Solunum ve kan dolaşımının bazı merkezleri burada yer alır. Yüreğin kasılması, yutma, soluhum, tükrük bezlerinin çalışması, karaciğerin şekeri depolaması için gerekli refleks merkezleri de bu organdadır. Tam altında hayat noktası adı verilen iğne başı büyüklüğündeki bir merkezden, yüreği ve diyaframı hareket ettiren akciğer-mide siniri çıkar.
Omurilik
Beynin alt kısmından başlayarak omurga kanalı içinde devam eder. 50 santimetre kadar uzunluktadır. 1 milimetre genişliktedir. Ağırlığı 25-30 gram kadardır. Bel bölgesinde bir kuyruk biçiminde dağılarak sona erer. Bu kuyruğa “At kuyruğu” denir. Omurilik, omurilik soğanı gibi dışta ak, içte boz maddeden yapılmıştır. Boz madde kanat açmış bir kelebek gibi dört çıkıntı yapar. Bu çıkıntılara kök denir. Ön köklerden hareket, arka köklerden duyu sinirleri çıkar.
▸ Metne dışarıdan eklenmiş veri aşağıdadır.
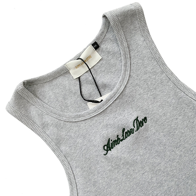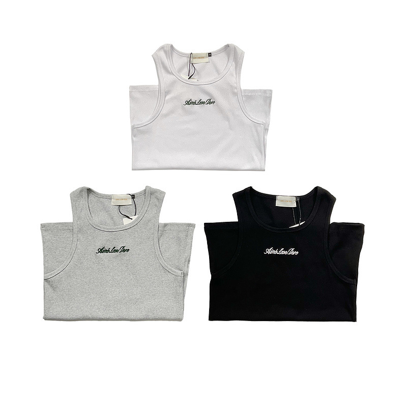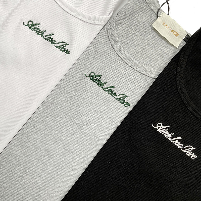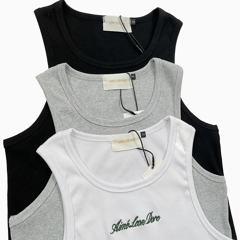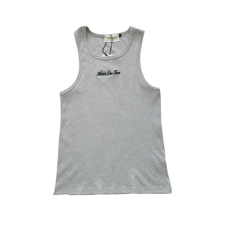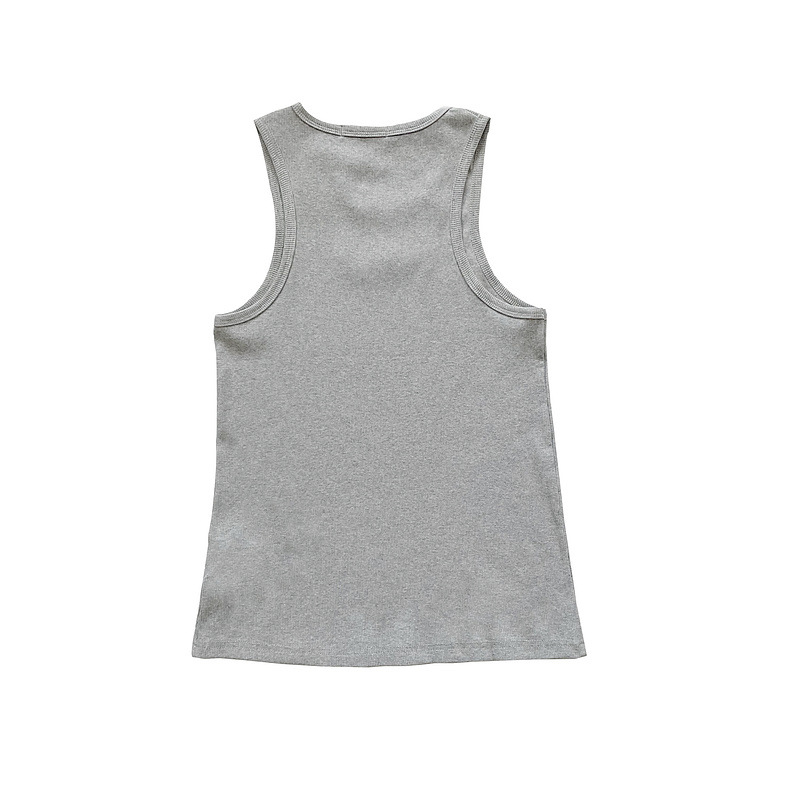 헤비급 미국 중공업 슬로건 자수 스레드 니트 솔리드 컬러 조끼 남성용 슬림 스포츠 피트니스 탑 트렌디스토어 가기

Omurilik, isteğimiz dışında meydana gelen ve refleks denilen hareketleri meydana getirir. İkinci olarak da uyarmaları beyne, beyinden gelen emirleri kaslara ulaştırma görevini yapar.
Sempatik sinir sistemi
Omuriliğin sağında ve solunda zincir biçiminde uzayan 23 çift sinir düğümü, sempatik sinir sistemini meydana getirir . Bu sinirlerin büyük bir kısmı omurilik sinirlerine bağlıdır. Sempatik sinir sistemindeki her sinir düğümünden (Ya da boğumundan) biri omuriliğe diğeri organlara giden iki türlü sinir çıkar. Bunlar bağlandıkları organları otomatik olarak çalıştırırlar. Organ, bu sinirlerle bir ağ tabakası içindeymiş gibi sarılmıştır.
Sinirler
Sinir merkezlerini ve sempatik sistemin düğümlerini (Boğumlarını) organlara bağlayan, birçok sinir hücresinin bir araya gelmesiyle yapılmış kordonlardır. Bunlara vücudun haberleşme telleri diyebiliriz… Bu kordonları meydana getiren Sinir hücrelerine nöron adı verilir. Nöron zarsız bir hücredir. Uzantıları vardır. Bunlardan kısa ve çok dallı budaklı olanlarına dendrit, uzun ve az dallı olanlarına akson denir. Dendritler antenler gibidir. Uyartıları hemen alırlar. Akson denilen tel gibi uzanan kısımlar ise duyu ve emirleri organlara götürür, beyinden verilen emirleri getirirler.
Sinir hücreleri, dendrit ve akson denilen bu çıkıntıların yaptığı görevler, hücrenin yağ ve fosfor bakımından zenginliği ile diğer hücrelerden çok farklı ve onlardan üstündürler. Bu hücrelerin meydana getirdiği sinir denilen kordonlar beyaz ya da soluk renklidir. Bir uyartı, saniyede 70 metre hızla, bu kordonlar sayesinde sinir merkezine iletilir.